** Try it **
The goal is to restate all of the records below word for word.

Exercise inputs section start

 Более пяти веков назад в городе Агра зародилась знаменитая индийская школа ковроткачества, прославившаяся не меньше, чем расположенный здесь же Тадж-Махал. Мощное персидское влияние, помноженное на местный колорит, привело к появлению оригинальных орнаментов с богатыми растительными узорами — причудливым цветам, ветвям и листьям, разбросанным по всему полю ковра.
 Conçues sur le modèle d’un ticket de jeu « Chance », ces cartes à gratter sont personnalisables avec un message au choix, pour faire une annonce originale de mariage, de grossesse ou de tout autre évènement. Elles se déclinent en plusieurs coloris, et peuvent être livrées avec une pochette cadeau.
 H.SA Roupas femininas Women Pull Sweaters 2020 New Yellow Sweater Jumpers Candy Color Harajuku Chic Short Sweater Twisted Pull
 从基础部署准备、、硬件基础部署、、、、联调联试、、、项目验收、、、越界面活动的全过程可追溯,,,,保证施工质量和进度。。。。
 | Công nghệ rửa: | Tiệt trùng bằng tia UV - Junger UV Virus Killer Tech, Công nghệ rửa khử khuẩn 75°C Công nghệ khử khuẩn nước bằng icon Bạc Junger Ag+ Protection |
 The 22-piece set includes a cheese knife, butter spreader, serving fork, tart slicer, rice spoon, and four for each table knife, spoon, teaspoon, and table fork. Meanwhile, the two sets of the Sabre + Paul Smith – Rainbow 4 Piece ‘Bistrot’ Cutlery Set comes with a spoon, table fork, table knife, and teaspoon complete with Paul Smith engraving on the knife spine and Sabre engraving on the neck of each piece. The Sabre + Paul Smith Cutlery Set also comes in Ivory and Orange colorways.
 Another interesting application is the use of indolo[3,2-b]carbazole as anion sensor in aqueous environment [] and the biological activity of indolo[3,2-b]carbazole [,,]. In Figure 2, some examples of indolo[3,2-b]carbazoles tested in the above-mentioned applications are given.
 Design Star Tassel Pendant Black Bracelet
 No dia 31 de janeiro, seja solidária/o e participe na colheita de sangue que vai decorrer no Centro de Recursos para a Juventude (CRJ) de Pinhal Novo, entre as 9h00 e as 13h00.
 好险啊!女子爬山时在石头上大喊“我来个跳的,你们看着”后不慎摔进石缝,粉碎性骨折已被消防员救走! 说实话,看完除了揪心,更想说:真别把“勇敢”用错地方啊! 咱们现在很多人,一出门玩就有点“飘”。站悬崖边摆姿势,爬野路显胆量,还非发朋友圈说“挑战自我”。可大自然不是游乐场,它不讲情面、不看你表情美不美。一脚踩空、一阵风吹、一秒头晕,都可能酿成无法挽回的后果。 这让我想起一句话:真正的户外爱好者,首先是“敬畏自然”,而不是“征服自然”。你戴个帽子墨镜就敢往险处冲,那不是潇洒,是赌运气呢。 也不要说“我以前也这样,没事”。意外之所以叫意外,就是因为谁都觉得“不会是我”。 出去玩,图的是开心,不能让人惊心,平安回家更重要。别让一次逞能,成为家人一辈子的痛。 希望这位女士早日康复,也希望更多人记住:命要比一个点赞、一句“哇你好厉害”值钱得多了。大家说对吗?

Exercise inputs section end

** Output **
 Более пяти веков назад в городе Агра зародилась знаменитая индийская школа ковроткачества, прославившаяся не меньше, чем расположенный здесь же Тадж-Махал. Мощное персидское влияние, помноженное на местный колорит, привело к появлению оригинальных орнаментов с богатыми растительными узорами — причудливым цветам, ветвям и листьям, разбросанным по всему полю ковра.
 Conçues sur le modèle d’un ticket de jeu « Chance », ces cartes à gratter sont personnalisables avec un message au choix, pour faire une annonce originale de mariage, de grossesse ou de tout autre évènement. Elles se déclinent en plusieurs coloris, et peuvent être livrées avec une pochette cadeau.
 H.SA Roupas femininas Women Pull Sweaters 2020 New Yellow Sweater Jumpers Candy Color Harajuku Chic Short Sweater Twisted Pull
 从基础部署准备、、硬件基础部署、、、、联调联试、、、项目验收、、、越界面活动的全过程可追溯,,,,保证施工质量和进度。。。。
 | Công nghệ rửa: | Tiệt trùng bằng tia UV - Junger UV Virus Killer Tech, Công nghệ rửa khử khuẩn 75°C Công nghệ khử khuẩn nước bằng icon Bạc Junger Ag+ Protection |
 The 22-piece set includes a cheese knife, butter spreader, serving fork, tart slicer, rice spoon, and four for each table knife, spoon, teaspoon, and table fork. Meanwhile, the two sets of the Sabre + Paul Smith – Rainbow 4 Piece ‘Bistrot’ Cutlery Set comes with a spoon, table fork, table knife, and teaspoon complete with Paul Smith engraving on the knife spine and Sabre engraving on the neck of each piece. The Sabre + Paul Smith Cutlery Set also comes in Ivory and Orange colorways.
 Another interesting application is the use of indolo[3,2-b]carbazole as anion sensor in aqueous environment [] and the biological activity of indolo[3,2-b]carbazole [,,]. In Figure 2, some examples of indolo[3,2-b]carbazoles tested in the above-mentioned applications are given.
 Design Star Tassel Pendant Black Bracelet
 No dia 31 de janeiro, seja solidária/o e participe na colheita de sangue que vai decorrer no Centro de Recursos para a Juventude (CRJ) de Pinhal Novo, entre as 9h00 e as 13h00.
 好险啊!女子爬山时在石头上大喊“我来个跳的,你们看着”后不慎摔进石缝,粉碎性骨折已被消防员救走! 说实话,看完除了揪心,更想说:真别把“勇敢”用错地方啊! 咱们现在很多人,一出门玩就有点“飘”。站悬崖边摆姿势,爬野路显胆量,还非发朋友圈说“挑战自我”。可大自然不是游乐场,它不讲情面、不看你表情美不美。一脚踩空、一阵风吹、一秒头晕,都可能酿成无法挽回的后果。 这让我想起一句话:真正的户外爱好者,首先是“敬畏自然”,而不是“征服自然”。你戴个帽子墨镜就敢往险处冲,那不是潇洒,是赌运气呢。 也不要说“我以前也这样,没事”。意外之所以叫意外,就是因为谁都觉得“不会是我”。 出去玩,图的是开心,不能让人惊心,平安回家更重要。别让一次逞能,成为家人一辈子的痛。 希望这位女士早日康复,也希望更多人记住:命要比一个点赞、一句“哇你好厉害”值钱得多了。大家说对吗?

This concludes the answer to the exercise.